Son günlerde özellikle cafe ve restoranlarda artan fiyatlara karşı yapılan boykot çağrısı bence önemli. Bu anlaşılamaz matematik, hiper enflasyonla bile açıklanamaz duruma geldi.

Hürriyet Gazetesi’nden sevgili arkadaşım Fulya Soybaş olayı manşete taşıyınca daha bir elle tutulur, gözle görülür hale gelen boykot kararı umarım tüm ülkede başarıyla uygulanır. Çünkü bir İzmirli olarak söylüyorum artık İzmir, İstanbul'dan daha vahim durumda...

Turisti de, geliri de, gideri de üst segment olan İstanbul’un fiyat politikası yer yer değişiyor. Bu durumun mantıkla açıklanabilecek yönleri bir derece mantıklı ama İzmirli olarak benim beynimde yankılanan şu ki: “Hayırdır ya biz İzmiriz”

Bir çorba olmuş 200 tl.. Bakın lüks yerlerden bahsetmiyorum, alelade dükkan bunlar. Çorbanın 200 lira olduğu yerde pide, kebap fiyatları kaç para siz hesap edin. Ama Alsancak ya da Pasaport’ta çalışıyorsanız ki İzmir’in iş merkezi buralar o yüzden zaten hergün bu fiyatları ödüyorsunuzdur...
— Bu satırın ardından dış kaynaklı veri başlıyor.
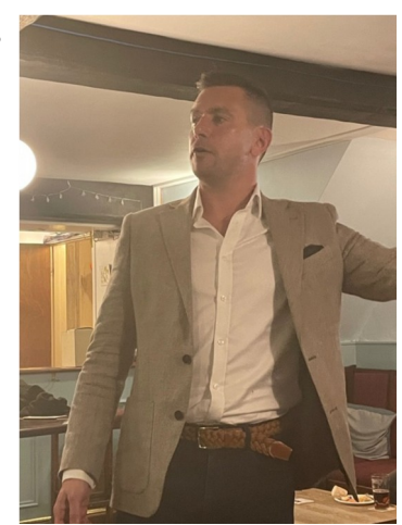
Team C Keynote

On 13th September this year, the mixed team played their final match of the season. Away to Chieveley, a match rescheduled (for the 4th time) from 17th May. The result was a resounding 7-2 victory for Hungerford which secured us 2nd place in our league and promotion to the dizzy heights of Division 2 next year.

Bir tabak makarna 250 lira. Ya bu hangi enflasyonla izah edilebilir. Yüzde bin kar demek bu. Enflasyon işte tam da burada başlıyor. Şimdi cadde üstü dükkanlar kira maliyetlerini bahane ediyor. Peki sen daha çok iş yapasın diye en işlek yerde tuttuğun dükkanın kirasını ben mi ödeyeceğim? 

Ancak ve maalesef ara sokaklardaki dükkanlarda aynı fiyat politikasını benimsemiş, nasılsa herkes bu fiyatlara alıştı mantığıyla onlar da yolunda devam ediyor. Bu konuda en mütevazi yerler, unlu mamüller kalıyor. İzmir’de marka olmuş 3 kazıkçı dışında gevrek, boyoz 10 hatta 8 lira. Sağolsunlar.

Bu boykotun iyi bir katılımla devleti de harekete geçirmesini umuyorum ya da şu modernizm maskesini çıkaralım ve sefertası dönemine geri dönelim.